In contrast to surface tilt responses, sensory re-weighting has no effect on the FRFs of body sway responses to Text (Fig. 2A). During stance on a level surface ankle proprioception, the vestibular system, and visual system all encode body tilt relative to earth vertical. Therefore, sensory re-weighting does not change the orientation signal available to the control system. The FRF gain values of the robot system are smaller than in the human system because the neural controller gain factors KP and KD were assumed to be twice as large in the robot system. The FRF phase values at lower frequencies for the human system are in between the phase values of the robot systems with ZMP and without ZMP compensation. The robot with ZMP compensation shows larger low frequency phase leads than the human because of the stronger influence of the ZMP compensation as compared to the torque feedback in the human system.

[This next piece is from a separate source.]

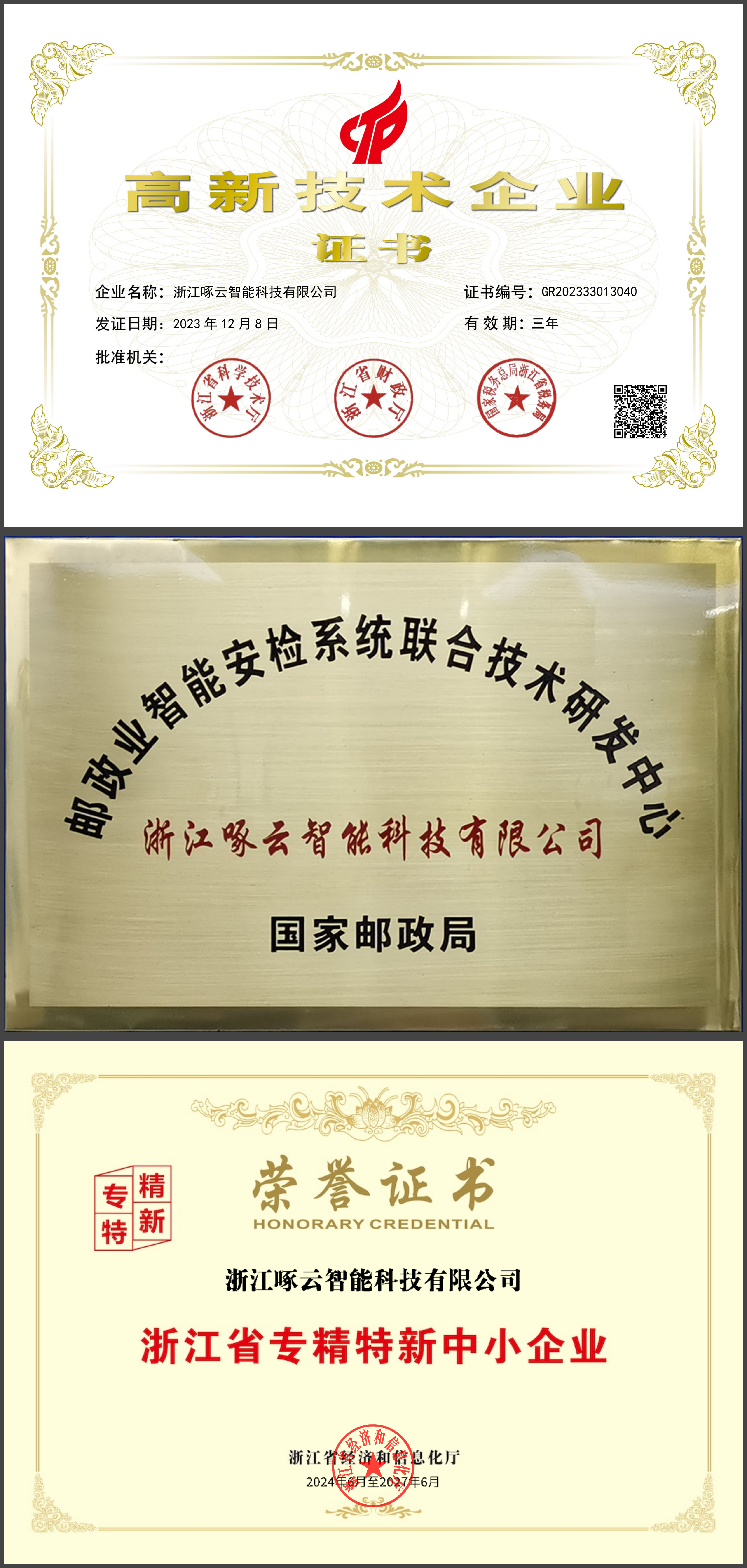 浙江啄云智能科技有限公司是一家集研发、设计、生产制造、技术服务为一体的国家高新技术企业,是国家邮政局邮政业智能安检系统联合技术研发中心依托单位、技术小组组长单位、智能安检行业标准起草单位、浙江省专精特新中小企业。

From the comparison of robot and human stance control models discussed above, it may seem that there are only minor differences between the dynamic characteristics of their control. However, the ability of the human system to make use of orientation information from multiple sensory sources and to use sensory re-weighting to rapidly change the source of sensory orientation cues as environmental conditions change provides a high level of robustness that is not present in the robot stance control system described in this paper.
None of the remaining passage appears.